Consider this: Why do some claims to scientific or social-scientific knowledge become authoritative and consensual, whereas others raise storms of social protest and political conflict? Why do some forms of "contentious politics" around knowledge claims remain isolated and localized, whereas others spread to new sites or establish linkages to a broader set of actors and issues? The 2006-09 Institute for the Social Sciences (ISS) theme project examines the emergence and diffusion of social protest around authoritative knowledge, as well as the effects of such protest on policy and institutional change. Ronald J. Herring and Kenneth M. Roberts, both professors of government, co-lead the project.

Scholars participating in the project conduct research on political contention in a variety of knowledge spheres, ranging from social protest against dominant paradigms of economic development to the varying success of global social movements that contest the safety of genetic engineering (i.e., the "Frankenfood" debate). Associated faculty and post-doctoral fellows will explore how expertise informs policy debates; how such expertise becomes authoritative, and why it is sometimes contested within epistemic communities, policymaking circles, and civil society; how civic groups and social movements that contest authoritative knowledge emerge, spread, and frame knowledge claims; and how these social actors elicit or impede innovation in public policy and governing institutions.

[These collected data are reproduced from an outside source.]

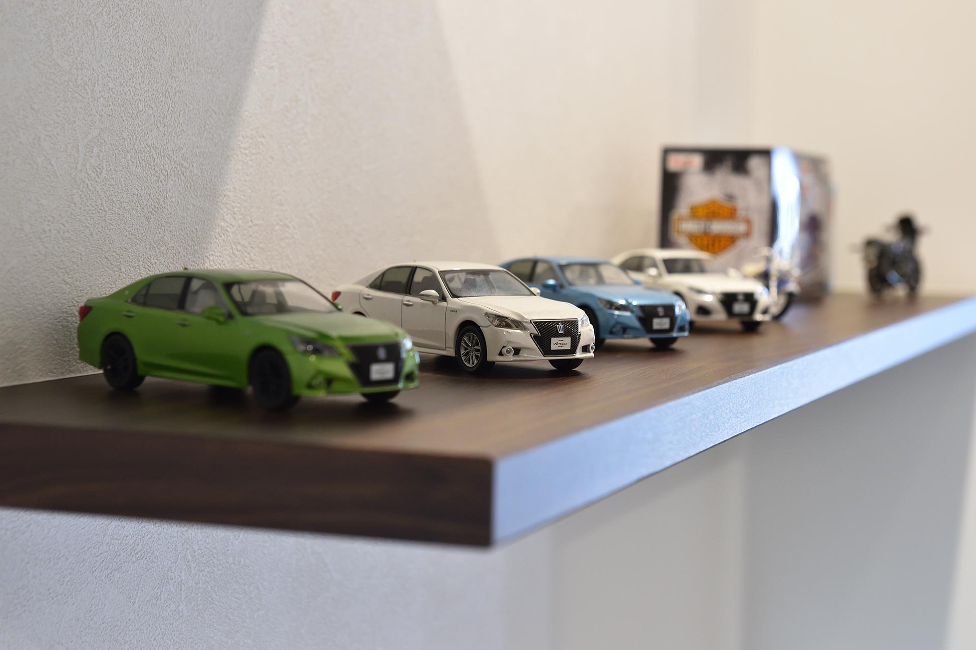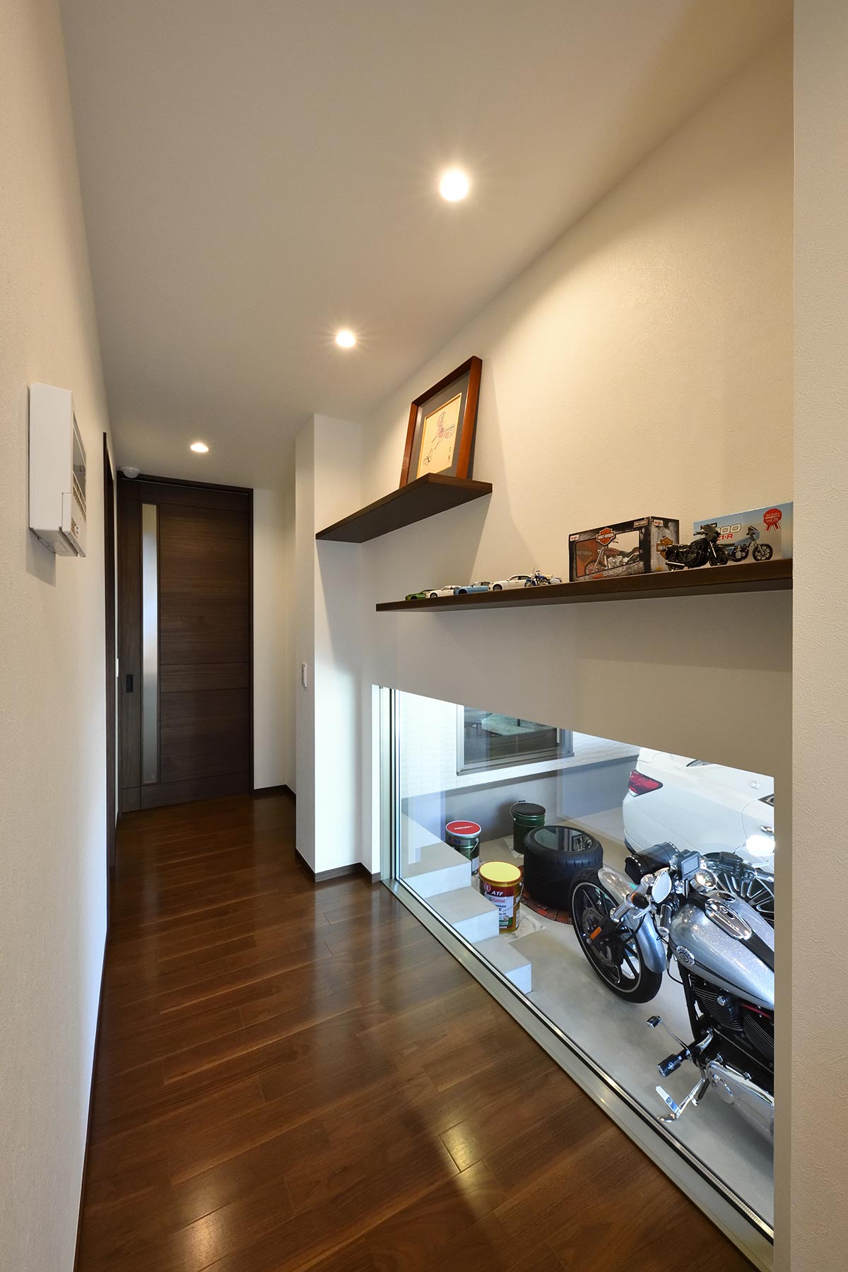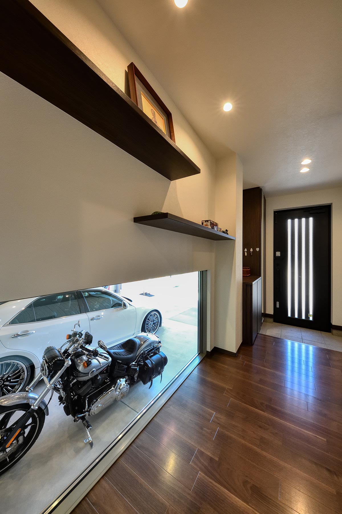 ガレージ内の照明だけをONにしてショールームのような演出も可能。愛車の楽しみ方は無限大。玄関ホールの飾り棚は、お気に入りのコレクションスペースに
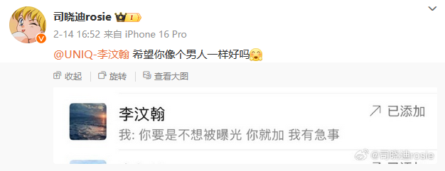 都市现场记者查询发现,2025年2月18日,自称李汶翰前女友的博主司晓迪在社交平台发文,晒出其与男星李汶翰的聊天记录,疑似暗指其抠门。
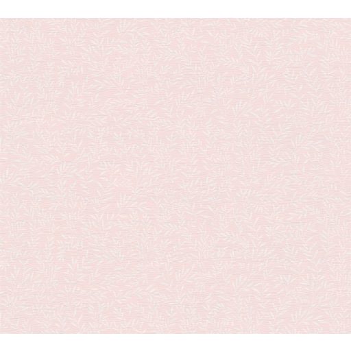 Karcsú ágakon filigrán levelek mintája rózsaszín és krémfehér tónus tapéta
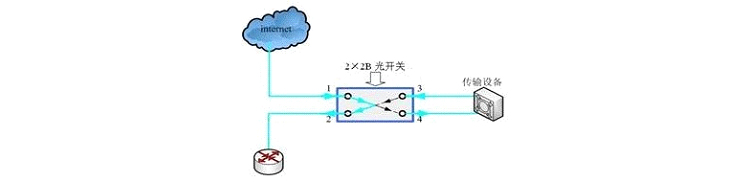 5.节点掉电业务保护方案:每个节点在无源输入输出端并用一只2×2非锁定式光开关,保护原理图如下:
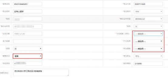 (二)輸入符合辦理畢業(yè)登記條件的學(xué)生準(zhǔn)考證號,部分個人信息系統(tǒng)自動匹配,健康狀況、文化程度、戶口性質(zhì)、政治面貌等信息需如實(shí)登記,完成后點(diǎn)擊“保存并下一步”按鈕。(文化程度指2021年12月30日前(含)獲得的學(xué)歷)
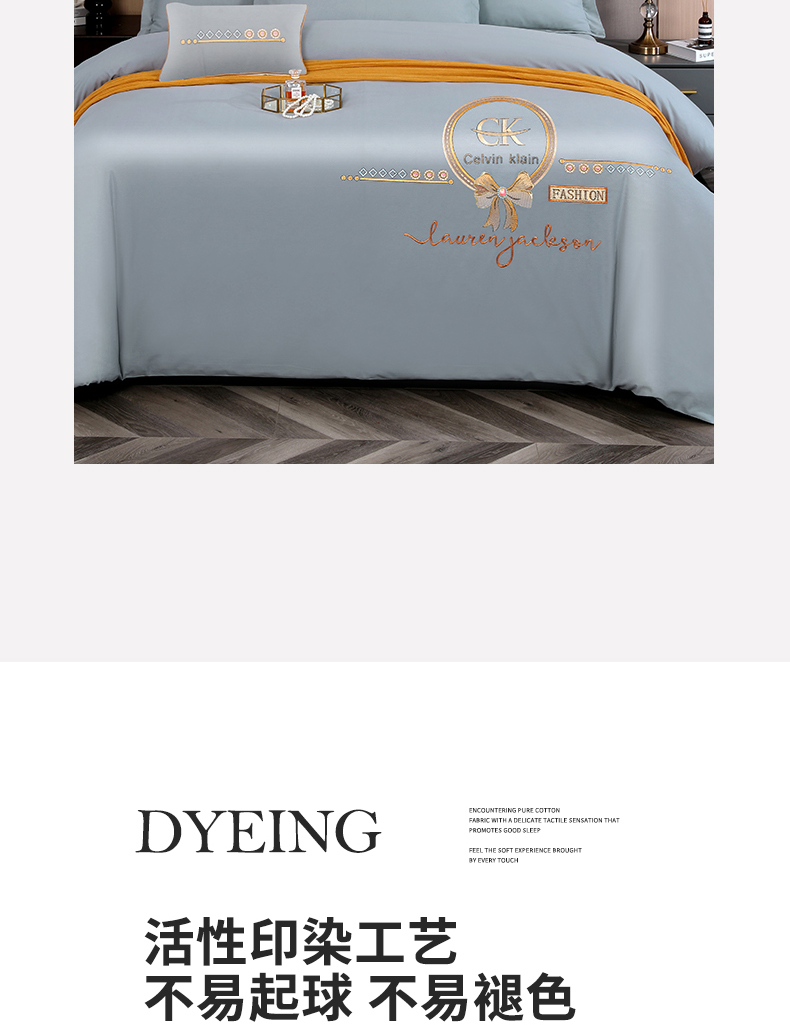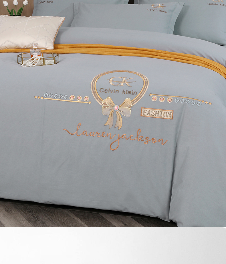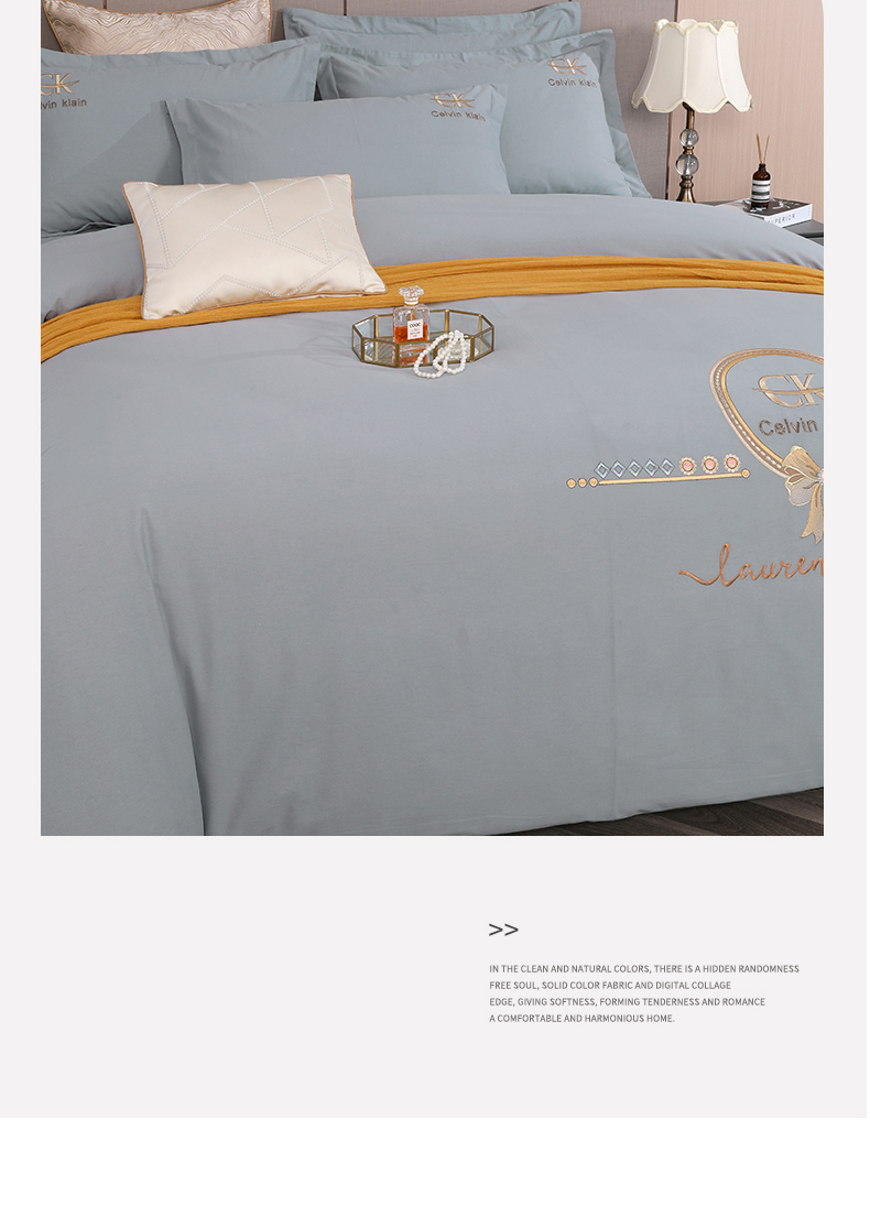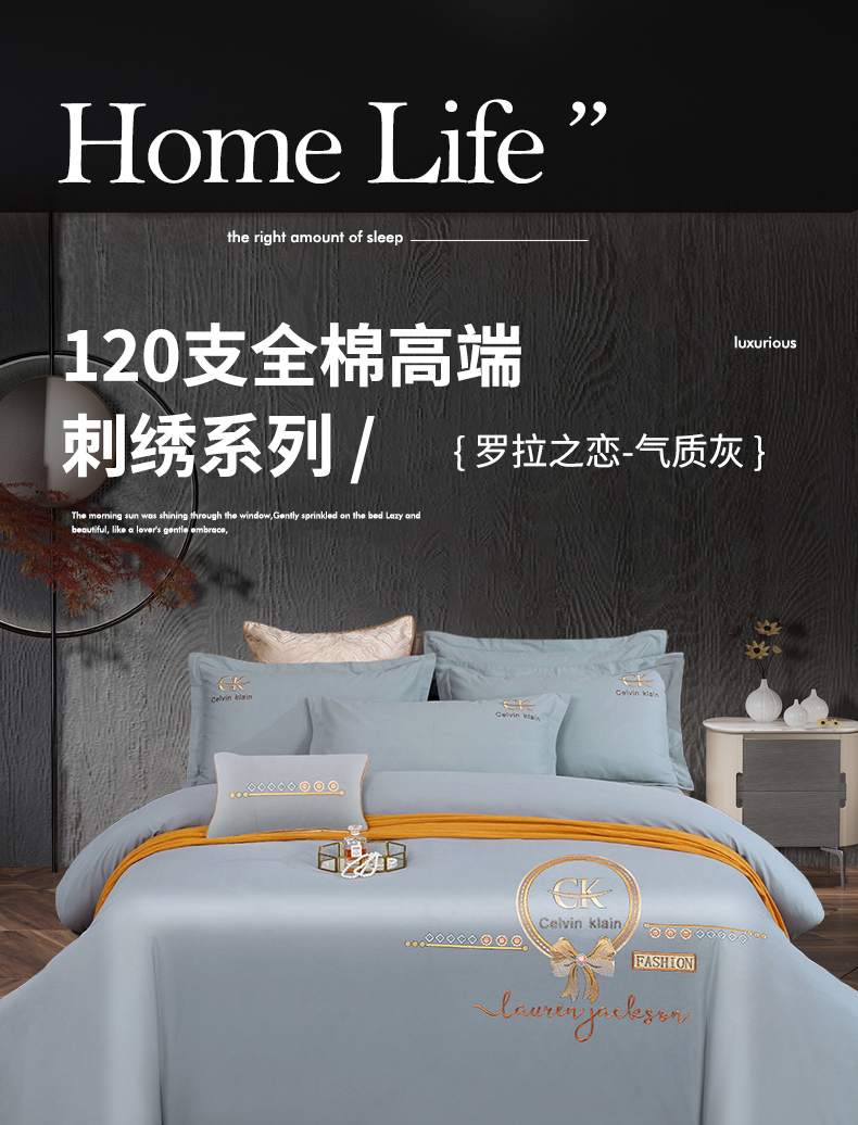 商品名称:2026秋冬新品全棉磨毛刺绣120支四件套系列-罗拉之恋 罗拉之恋-气质灰
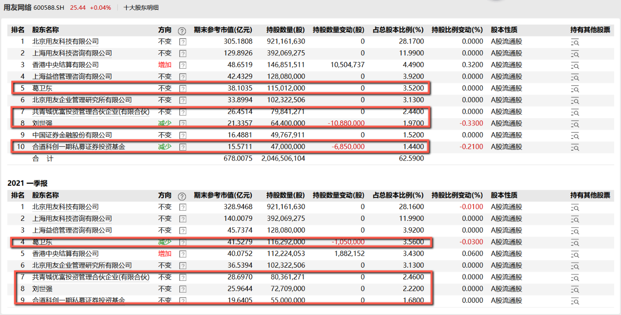 在大股东增持背景下,其他股东却悄然撤退。用友网络去年三季报十大股东显示,在公司实施回购期间,第五大股东混沌道然的葛卫东减持了128万股;第七大股东共青城优富投资管理合伙企业总共减持52万股;第八大股东原点资产的刘世强减持831万股;第九大股东上海合道减持800万股。换句话说,用友网络用公司资金回购1770万股的同时,四大股东合计抛售了1812万股,减持时间和金额上十分巧合。而且,这四大股东减持均未超过5%,不需要公告。
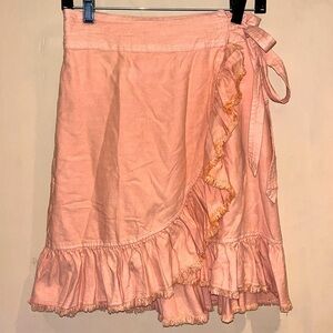 Anthropologie peach viscose combo wrap tiered flare skirt size medium w/pockets
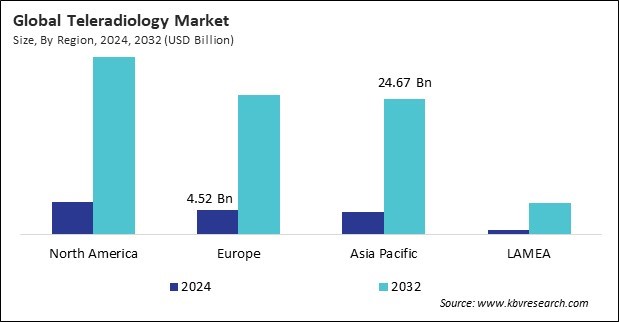 The North America region dominated the Global Teleradiology Market by Region in 2024, and would continue to be a dominant market till 2032; thereby, achieving a market value of $32.38 billion by 2032. The Europe region is experiencing a CAGR of 24.6% during (2025 - 2032). Additionally, The Asia Pacific region would exhibit a CAGR of 25.7% during (2025 - 2032).
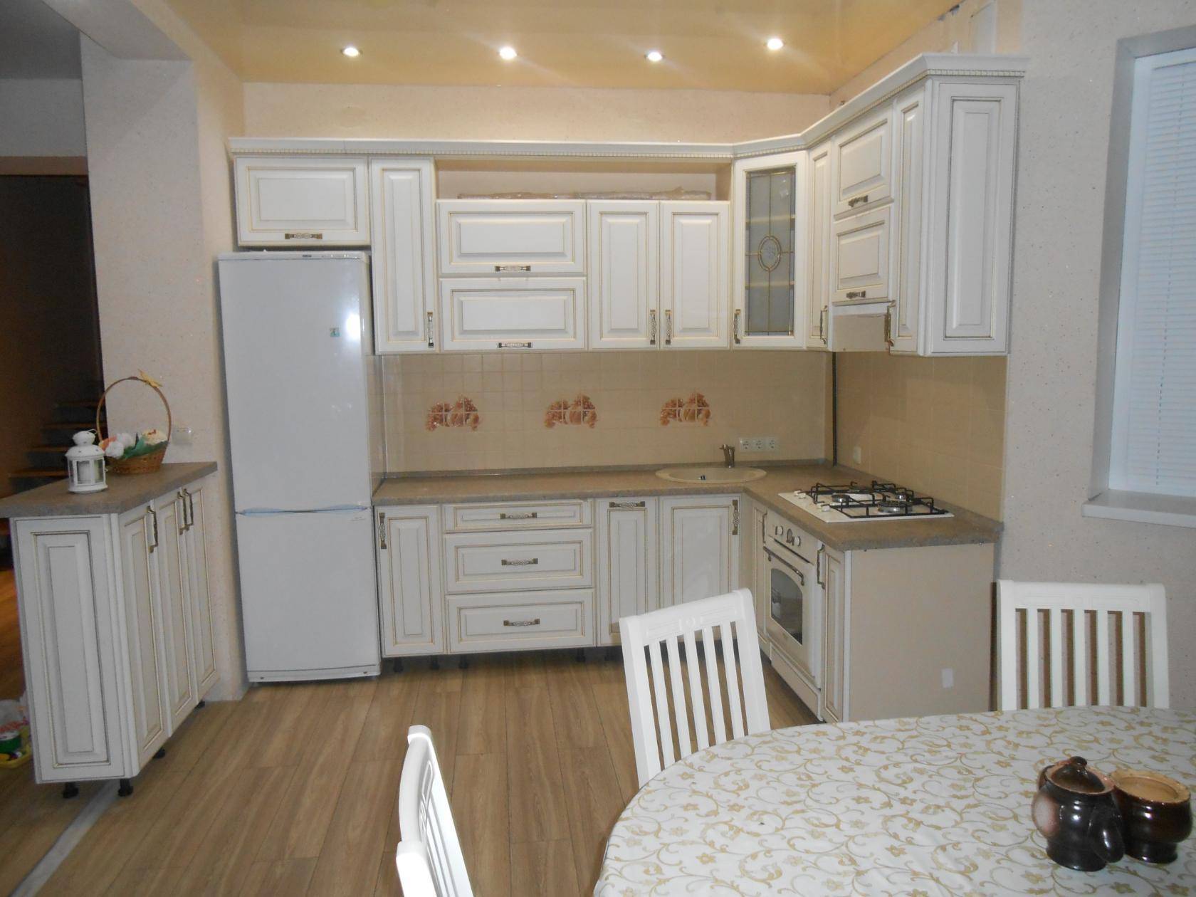 Угловая кухня в классическом стиле выглядит дорого, это сдержанность с налетом роскоши. Фасады из натурального шпона, дерева или материалов под него, часто с вычурной фрезеровкой, уместна позолота. Дополняется массивными карнизами, пилястрами и балюстрадами. Используется стекло с витражами, приветствуются плавные формы, не кричащие цвета.
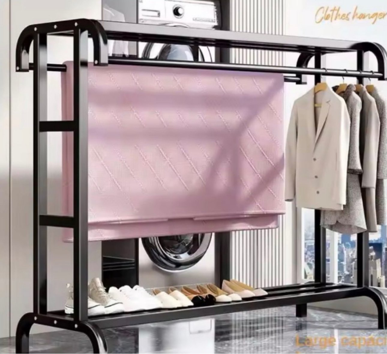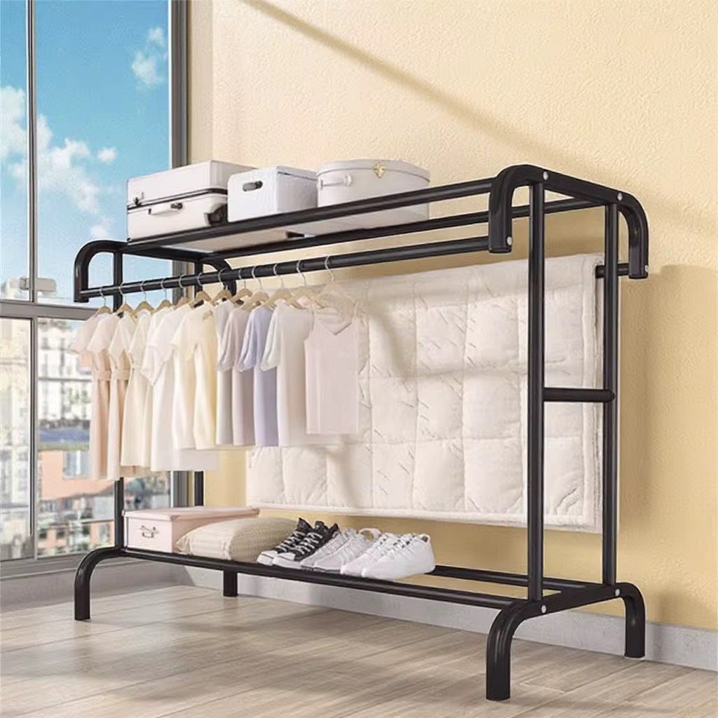 Rrobëvarës praktik me konstruksion të fortë metalik dhe dizajn të dyfishtë për tharje dhe ruajtje rrobash. Ofron hapësirë të bollshme për varjen e rrobave, si dhe rafte shtesë për këpucë apo kuti. Me dimensione 100x47x152 cm, është ideal për shtëpi, lavanderi apo dhoma gjumi. Lehtë për montim dhe qëndron i qëndrueshëm falë bazës së fortë.

Social movements often defy the expectations of scholars – most likely because they involve complex motives and mechanisms derived from interdisciplinary sources. Thus, it is likely to be work at the intersection of fields such as political science, sociology, anthropology, economics, psychology, bio-ethics, and the natural sciences that is needed to understand the mechanisms and forms of leverage that convert social protest into political innovation, and to predict the factors that impede such innovation. Ultimately, the goal of this theme project, as well as the ISS, is to build a culture of excellence in social science research through collaboration across the disciplines and the colleges that will have a lasting impact at Cornell.